YOUR INSTRUCTIONS — Copy every line in the records below that contains the word "Students".

TASK DATA —
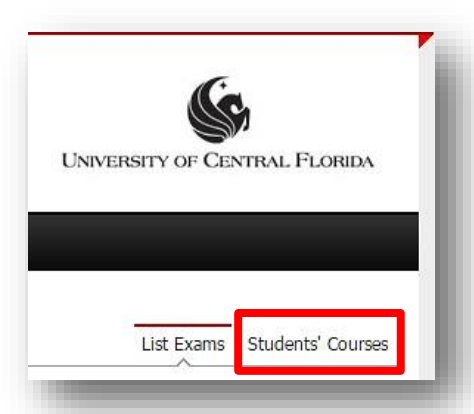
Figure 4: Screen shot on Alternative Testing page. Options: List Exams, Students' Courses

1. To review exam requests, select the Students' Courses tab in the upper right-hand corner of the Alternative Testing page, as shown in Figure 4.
* * *
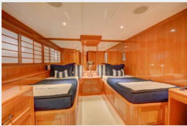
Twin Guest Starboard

SOLVED EXERCISE —
Figure 4: Screen shot on Alternative Testing page. Options: List Exams, Students' Courses
1. To review exam requests, select the Students' Courses tab in the upper right-hand corner of the Alternative Testing page, as shown in Figure 4.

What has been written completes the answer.